[Start of section]
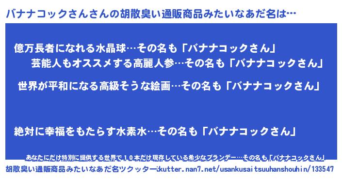 | ファンタジー風あだ名 | 『エターナルバナナコックサンー』 |
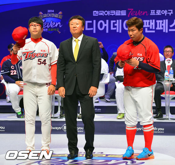 24일 오후 서울 이화여대 ECC 삼성홀에서 대현동 2014 한국야쿠르트 세븐 프로야구 미디어데이가 열렸다. 양현종 선동열 감독 나지완이 포토타임을 갖고 있다.
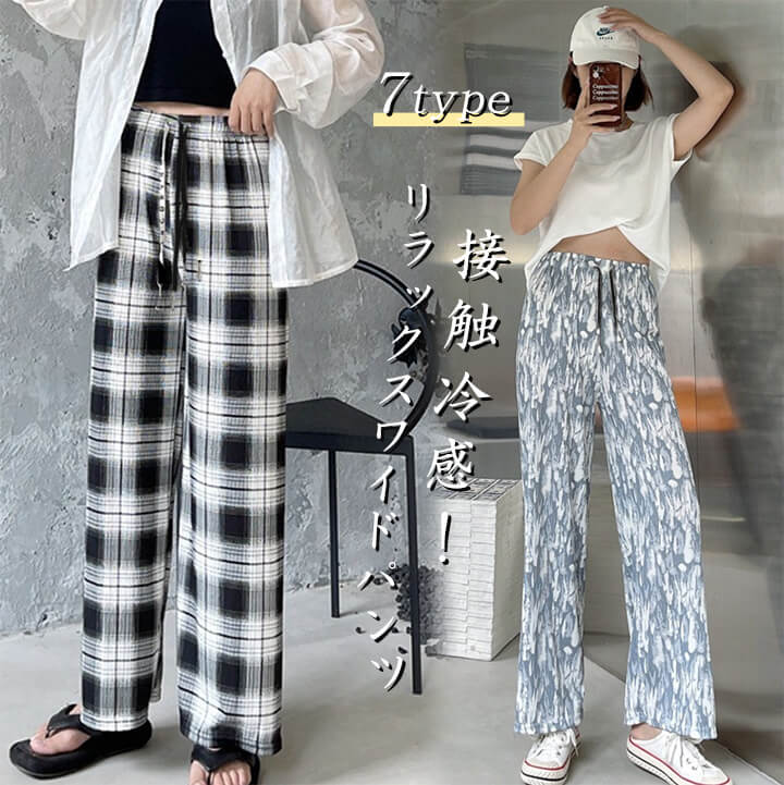 ☆7カラー接触冷感!パンツワイド ひんやり ウエストはゴム仕様で楽ちん
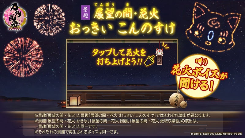 ※5つの景趣のうち、景趣「展望の間・花火 おっきい こんのすけ」のみ演出が異なりますが、再生される「花火ボイス」は同一です。
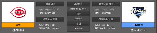 MLB분석 4월27일 MLB 신시내티 : 샌디에이고신시내티는 세인트루이스와의 3차전에서 승리하며 11연패를 탈출하였다.
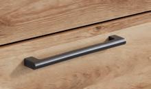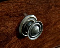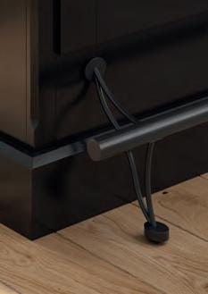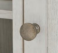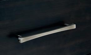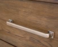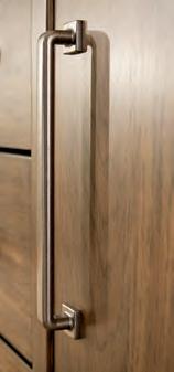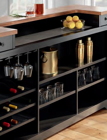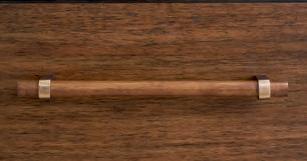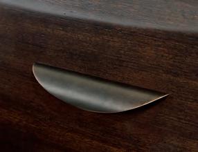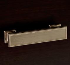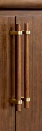 Features custom designed metal bar pulls finished in a rich brass coloration
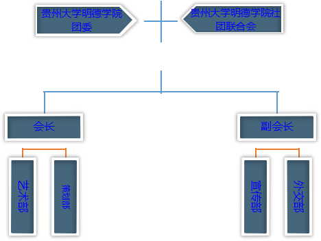 本社团组织机构为社长及各个部,有社长一人,副社长四人,策划部,宣传部,外交部,文艺部组成,各部均设部长副部长一人,干事若干名。社团实行社长负责制:社长团、策划部、宣传部,外交部,文艺部,社长团直接对社长负责,社长直接对院团委负责,并可对下属责任人进行追责。
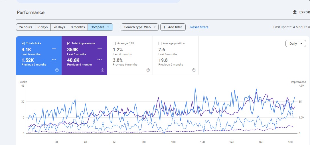 Over the last 6 months, organic clicks increased from 1.5K to 4.1K, showing steady traffic growth. Search impressions surged from 40.6K to 354K, reflecting major visibility improvements. The average position improved significantly from 19.8 to 7.6, moving key terms closer to page one. Overall, the site now delivers consistent organic growth through structured SEO efforts.
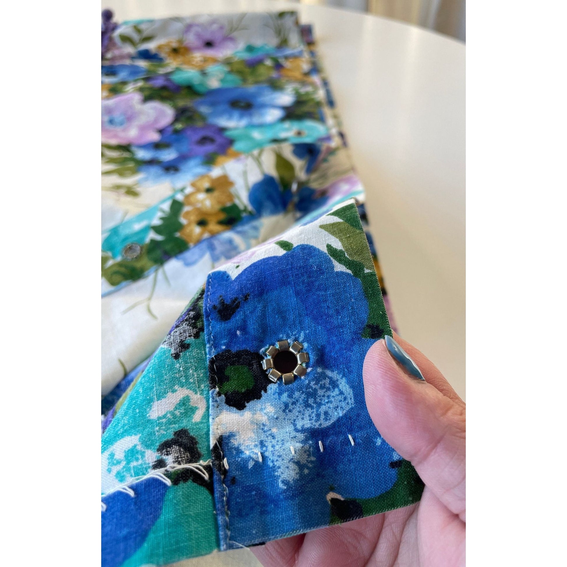 top has a holes and grommets for curtains hooks, line with plastic.
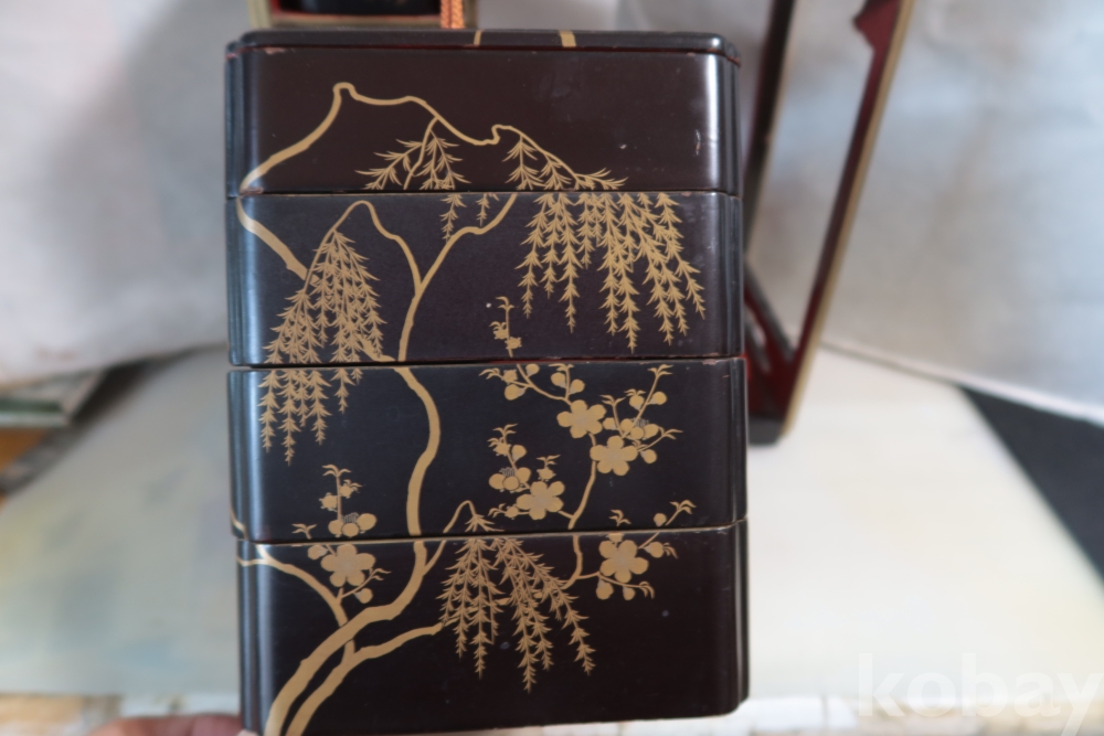 일본 칠기 도시락 세트 임니다 일본 유일의 문화공예품 칠기 명품 임니다 술병은 세월의 찌그러진 부분이 보임니다 섬세 정교한 명물 임니다 사진 참조 하세요
[End of section]
Write the material out again exactly as it appears, dropping the pictures.

Task solution |
 | ファンタジー風あだ名 | 『エターナルバナナコックサンー』 |
 24일 오후 서울 이화여대 ECC 삼성홀에서 대현동 2014 한국야쿠르트 세븐 프로야구 미디어데이가 열렸다. 양현종 선동열 감독 나지완이 포토타임을 갖고 있다.
 ☆7カラー接触冷感!パンツワイド ひんやり ウエストはゴム仕様で楽ちん
 ※5つの景趣のうち、景趣「展望の間・花火 おっきい こんのすけ」のみ演出が異なりますが、再生される「花火ボイス」は同一です。
 MLB분석 4월27일 MLB 신시내티 : 샌디에이고신시내티는 세인트루이스와의 3차전에서 승리하며 11연패를 탈출하였다.
 Features custom designed metal bar pulls finished in a rich brass coloration
 本社团组织机构为社长及各个部,有社长一人,副社长四人,策划部,宣传部,外交部,文艺部组成,各部均设部长副部长一人,干事若干名。社团实行社长负责制:社长团、策划部、宣传部,外交部,文艺部,社长团直接对社长负责,社长直接对院团委负责,并可对下属责任人进行追责。
 Over the last 6 months, organic clicks increased from 1.5K to 4.1K, showing steady traffic growth. Search impressions surged from 40.6K to 354K, reflecting major visibility improvements. The average position improved significantly from 19.8 to 7.6, moving key terms closer to page one. Overall, the site now delivers consistent organic growth through structured SEO efforts.
 top has a holes and grommets for curtains hooks, line with plastic.
 일본 칠기 도시락 세트 임니다 일본 유일의 문화공예품 칠기 명품 임니다 술병은 세월의 찌그러진 부분이 보임니다 섬세 정교한 명물 임니다 사진 참조 하세요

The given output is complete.